Making a comparison of the performance between our proposed technique and other existing tracking systems, such as HTC Vive lighthouse, and Oculus’ inside-out-tracking system.
Researching on how to measure the distance between IoT devices (i.e., smartphones) and VR headsets. The existing technique can detect the direction of a certain user by the VR headset, but we haven’t discussed how to get the distance between the users in this paper.
Exploring ways to use the existing hardware in IoT devices instead of using an additional ESP32 UWB module that is attached to the device. Nowadays, many IoT devices such as Apple devices, have already included U1-chips for nearby interaction, which can achieve the same function as the esp32-UWB modules.

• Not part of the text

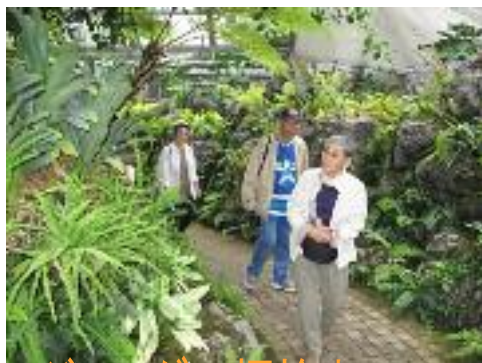
ジャングル探検中?

Conducting another experiment with multiple "tags" (devices) / multiple "anchors" (VR headsets) to analyze the feasibility of multiple users joining our system. The proposed technique allows one VR player to interact with multiple smartphone players in the demo games. In the future, we want to test the maximum capability of the number of players in our own system.
Extending the techniques to other IoT devices. To make our technology more accessible, we will create more applications to prove that our concepts can be achieved via diferent IoT platforms such as desktops, tablets, watches, etc. And we will study how diferent platforms can collaborate seamlessly with the same VR 3D environment simultaneously.